Emily is seven weeks old today. She now weighs 890 grams.
A new doctor is on rotation in the nursery for the next three weeks. The past week, Emily’s blood gases have not improved even though the pressures on the ventilator have been steadily increased. The doctors are concerned about trauma to her lungs being caused by the higher pressure settings exacerbating her chronic lung disease, so they put her on the oscillator again. They are also starting her on another course of steroids to help control the inflammation in her lungs. The hope is that the oscillator will give her lungs time to heal as she grows so that she can go back to the regular ventilator after a week or so. She continues to fight the oscillator by trying to breathe on her own, so they plan to give her some Versed to calm her down and let the oscillator do all of the work for her. She still has bronchiospasms as a result of the BPD, but she is usually able to recover from these spells by herself.

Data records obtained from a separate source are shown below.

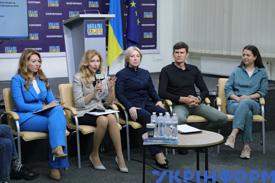 Виконавча директорка ГО "Громадський холдинг "ГРУПА ВПЛИВУ" Вікторія Золотухіна під час пресконференції на тему: "Підсумки реалізації програми "Житло для внутрішньо переміщених осіб" в Українському національному інформаційному агентстві "Укрінформ", Київ, 2 липня 2025 року.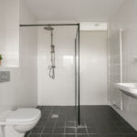 Op deze verdieping wachten twee ruime slaapkamers en een modern uitgeruste badkamer. Beide slaapkamers zijn licht en ruim dankzij de grote raampartijen, en de badkamer is volledig betegeld en voorzien van een inloopdouche, ligbad, wastafel en een extra toilet.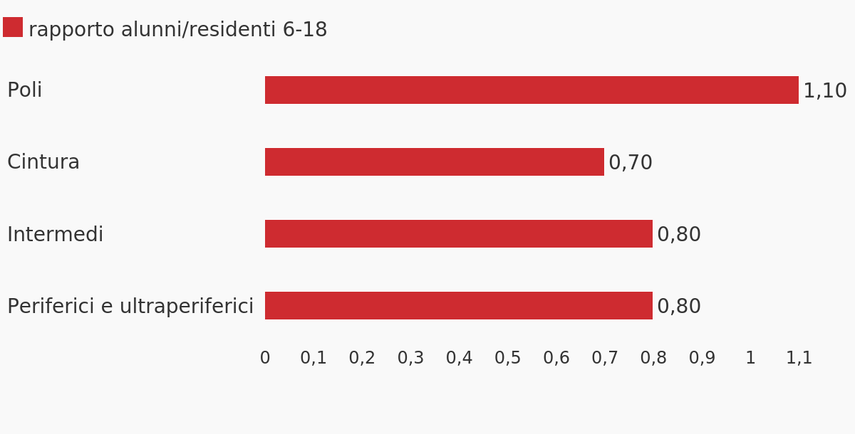 Per i comuni intermedi, periferici e ultraperiferici, il rapporto medio tra alunni e residenti 6-18 è pari a 0,8. Non tutte le aree interne però sono ugualmente attrattive in termini di popolazione scolastica.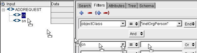 In this example, the user is constructing a search filter and is taking advantage of drag-and-drop to bind a node in the Input document to a parameter in the filter expression. The user has clicked the cn node under ADDREQUEST in Input, and dragged it to the empty field in the Native Environment Pane. When the mouse is released, the appropriate ECMAScript expression, namely Input.XPath("ADDREQUEST/sn"), will appear in the target field of the search expression. Thus, the filter (as constructed) will match entries where objectClass equals inetOrgPerson and sn equals the value in Input/ADDREQUEST/sn.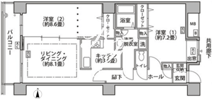 所在階/向き | 7階/西 | 間取り | 2LDK |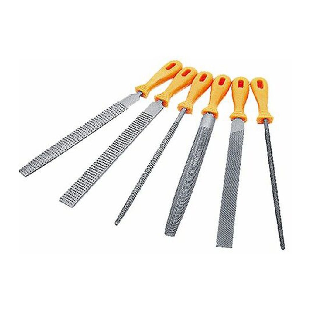 Il set da 6 lime e raspe con impugnatura in plastica è un kit versatile pensato per lavori di modellatura, rifinitura e sgrossatura su diversi materiali come legno, metallo e plastica.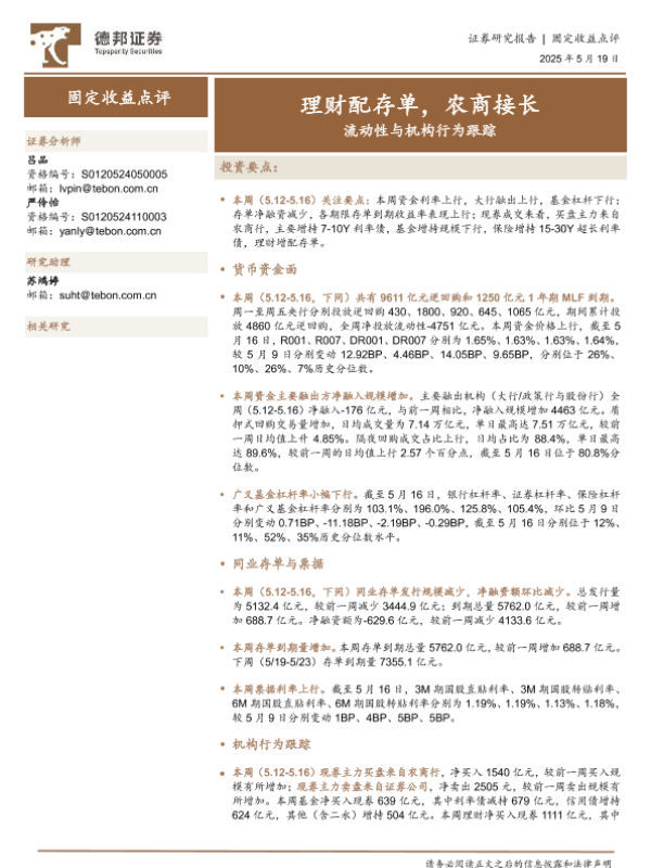 【德邦证券】【20250519】流动性与机构行为跟踪:理财配存单,农商接长-19页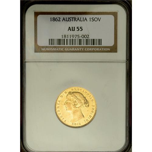 <B>Victoria gold Sovereign 1862, </B></I>KM4, AU55 NGC, highly lustrous, typical small surface marks. Very scarce date, the first we have offered in several years.<BR><BR><b>Shipping:</b> Coin/Currency (<a target="_blank" href="http://www.heritageauctions.com/common/shipping.php">view shipping information</a>)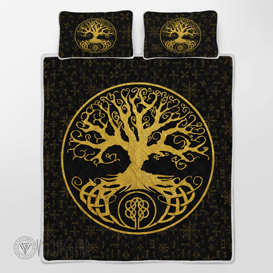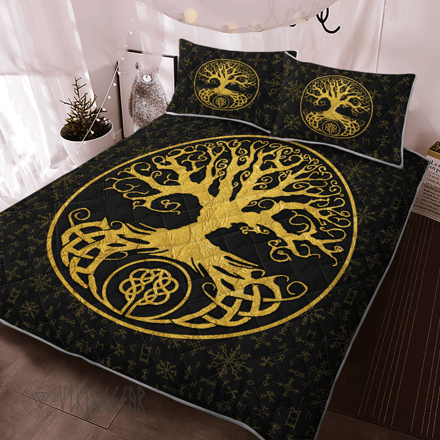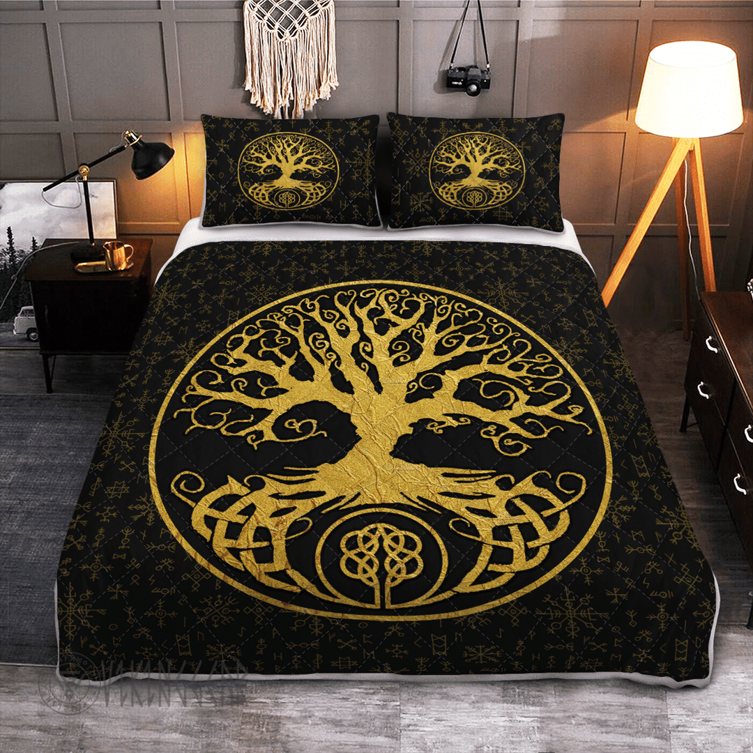 With its design inspired by Norse mythology, our Tree Of Life Yggdrasil Golden Viking quilt set captures the essence of the Viking spirit. Introduce this piece into your space and confidently display your style.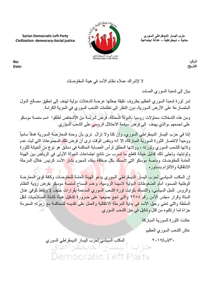 حزب اليسار الديمقراطي: لا لإشراك عملاء في الهيئة المفاوضات

We’re getting worried that the ICN staff seem to be giving up on Emily. One of the doctors said that in terms of her lungs, she is one of the ten worst cases they’ve ever seen. Last week, another doctor said that her lungs could just continue to worsen and that they may be “incompatible with life”. Then there are the nurses. Emily has two very good nighttime primary nurses, so she usually gets a primary that knows her for five nights a week. She doesn’t have any daytime primaries, but there used to be several which worked with her all the time. Now they don’t even come over to visit her isolette. One of them told us that she “couldn’t deal with all of Emily’s problems”. The per diem nurses (we have been told that these nurses are not regular employees and aren’t able to choose which babies they care for) are usually the ones who end up caring for Emily during the daytime. As a result, she has a new nurse almost every day during the day shift and two nights a week.
Please keep praying for Emily. Our daughter certainly hasn’t given up yet!